By Richard Skaff, Executive Director of Designing Accessible Communities
Innovative technology for electricity can mean the difference between life and death for people with disabilities. Ways to ensure more reliable sources of electricity, such as solar and battery backup, should be part of the dialogue at this week’s Wildfire Technology Innovation Summit in Sacramento.
The agenda is devoted to the use of high-tech measures, such as big data and artificial intelligence, to predict wildfires. These are exciting tools that could eventually reduce wildfires in California. But those tools only go so far to protect “us.” Nobody is discussing the immediate and dire challenge of supporting California’s vulnerable population of seniors and people with disabilities—many of whom may be hurt or worse when our electricity doesn’t work.
As California grapples with the devastation left by recent wildfires, de-energization has emerged as PG&E’s main solution to avoid their power lines sparking fires. This is a grave concern for the millions of Californians living with a disability, as well as the more than 8 million seniors in the state. For us, access to continuous and uninterrupted electricity is a matter of life and death.
At a community workshop in Santa Rosa, a PG&E representative warned that a public safety power shutoff could occur, at a minimum, once or twice a year within PG&E’s service area. Attendees were told that in most cases, PG&E expects to restore power within 24 hours, but outages could last two to five days. The outage may continue even longer in some cases because once the high wind/low humidity event has ended, PG&E staff must visually check every mile of de-energized power line before electrifying them to assure none are damaged. PG&E also says they will try to provide a 48-hour notice to area residents but may have to immediately de-energize in some situations.
Even 24 hours without electricity poses a great risk to people who rely on electrically operated life- saving medical equipment. This includes the thousands of Californians who rely on respiratory equipment and dialysis machines, or who need to refrigerate critical medicines like insulin. On a very hot or very cold day, the loss of air conditioning or heating (both systems that require electricity to operate) puts vulnerable seniors and people with disabilities at risk of death.
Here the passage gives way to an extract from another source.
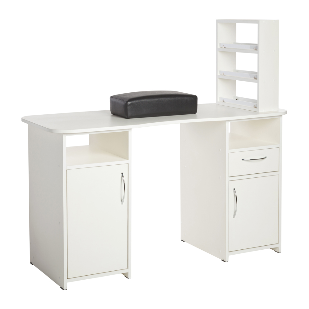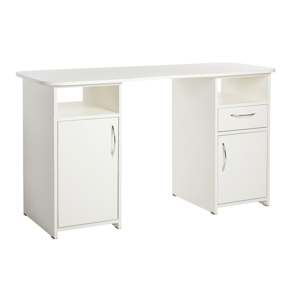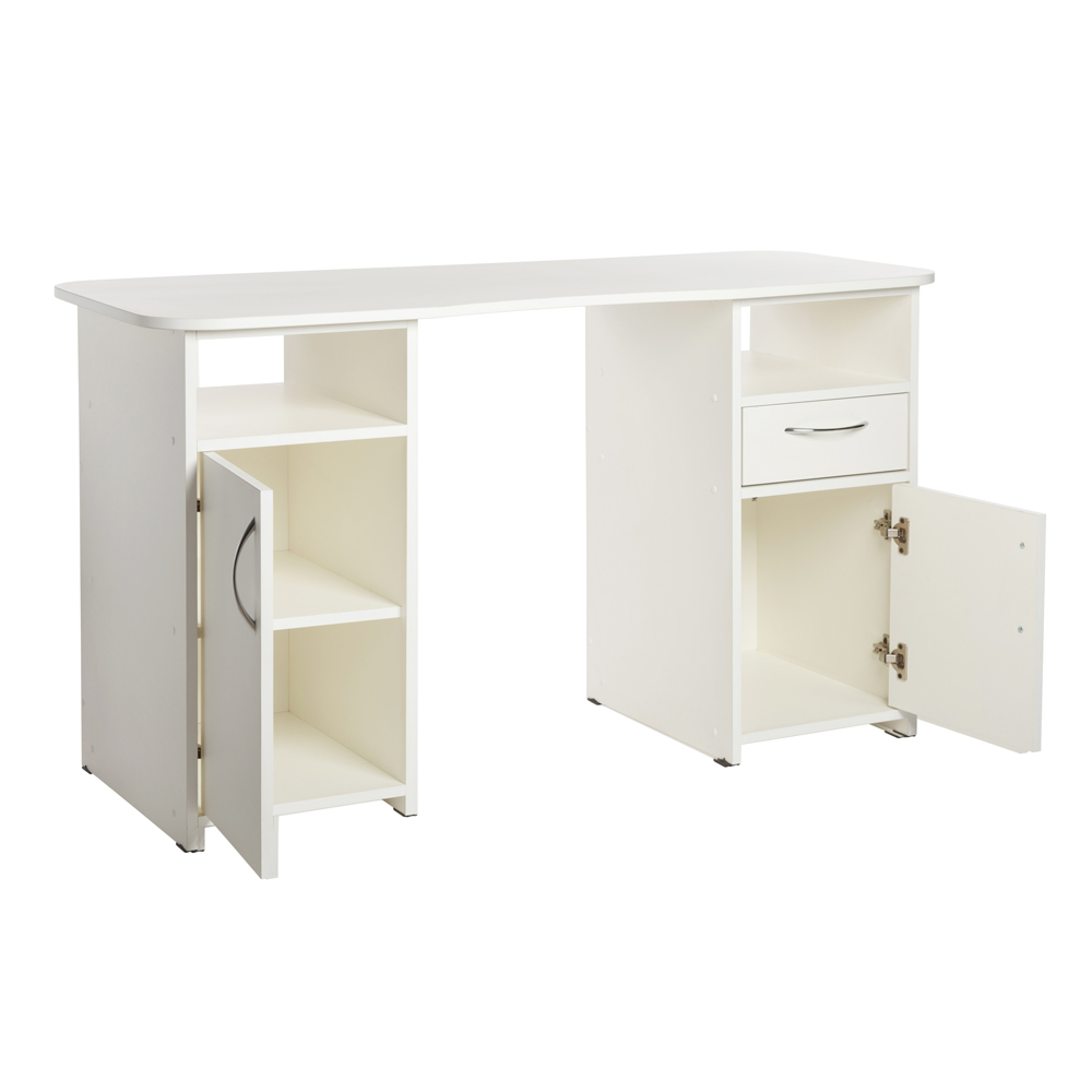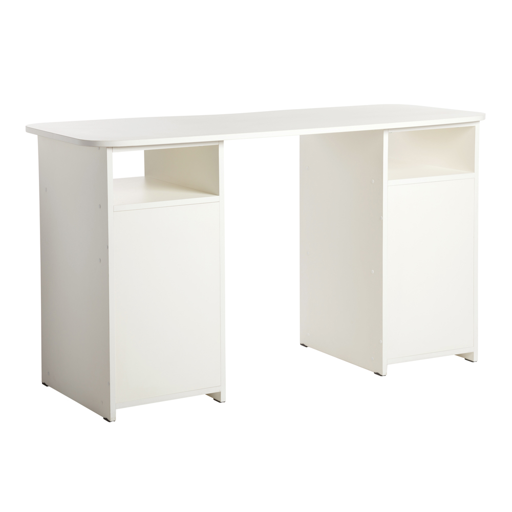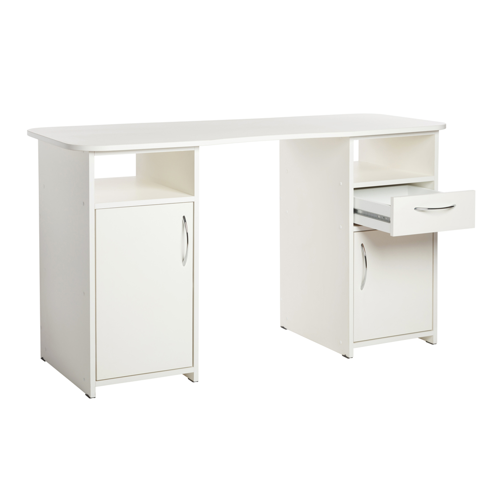 Стол двухтумбовый, в одной тумбе расположены – сквозная ниша, выдвижной ящик и распашная дверь, в другой тумбе – сквозная ниша и распашная дверь.

Even simple actions, like opening a garage door, become an impossible task for many within this population during a wildfire, flood, or utility de-energization event, because they may not be able to manually open their garage door. That task may be the difference between life and death for someone with physical limitations.
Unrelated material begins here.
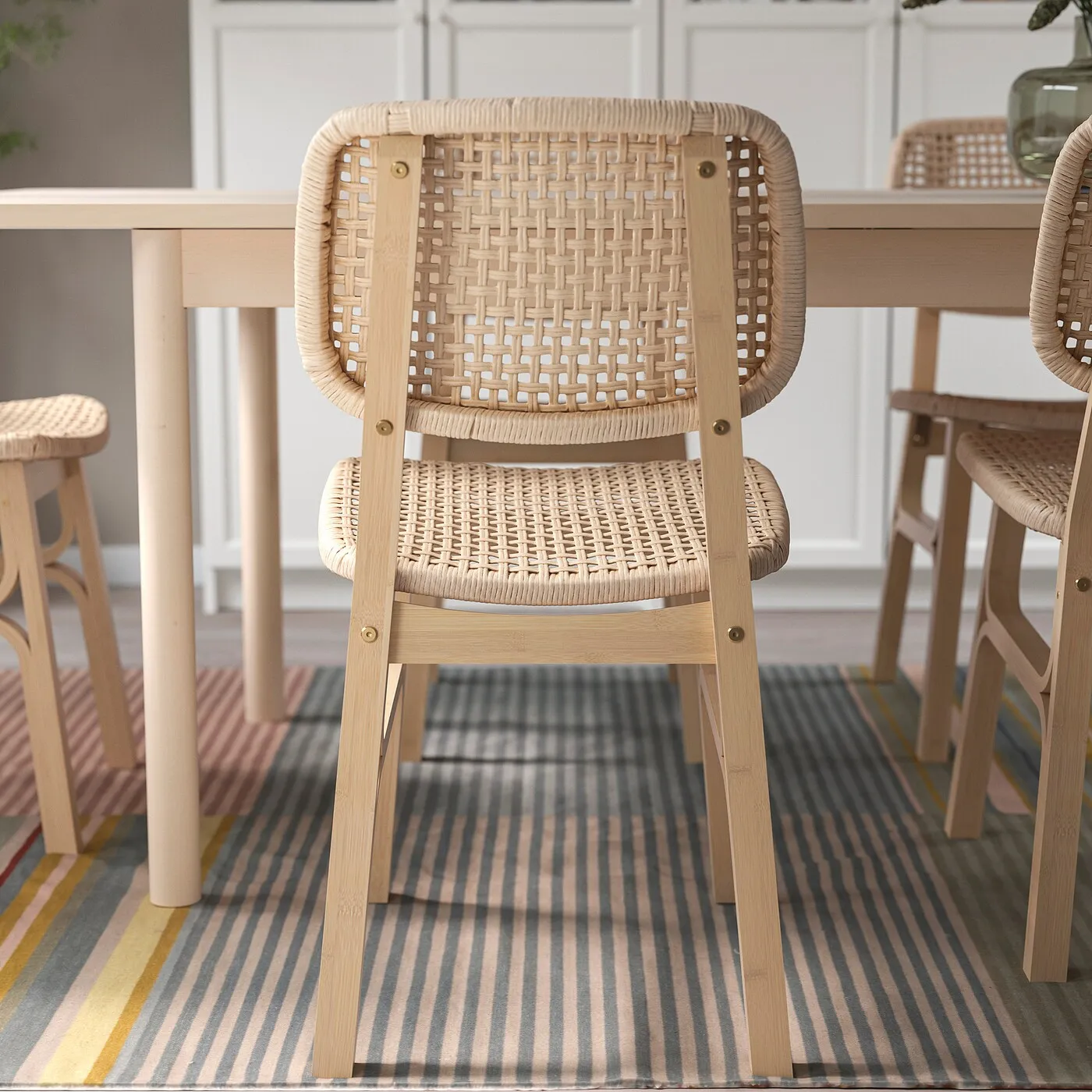 Дар природы, созданный для красоты и комфорта. Прочный каркас выполнен из износостойкого бамбука, а плетеное вручную бумажное сиденье обеспечивает надежность и упругость.

When a person with a disability who uses a breathing machine or other electricity-dependent medical device doesn’t have access to power, they are put at risk. When PG&E determines an area it serves must be immediately de-energized but is unable to warn residents and visitors in the area, it could mean a life threatening situation for this vulnerable population.
We need innovative energy solutions in the home and at healthcare facilities that support people with disabilities and address these power issues.
One simple and effective innovation is already available: Home solar systems with individual backup batteries that can be connected to the grid. Solar and batteries are an immediate and important part of the solution to help provide continuous or backup power during planned or unplanned outages.
But existing programs and policies do not enable the immediate deployment of these options for California’s vulnerable population. Policymakers must recognize this deficiency and work with regulatory agencies, utility companies and other energy providers to encourage the installation of solar and energy storage for backup power.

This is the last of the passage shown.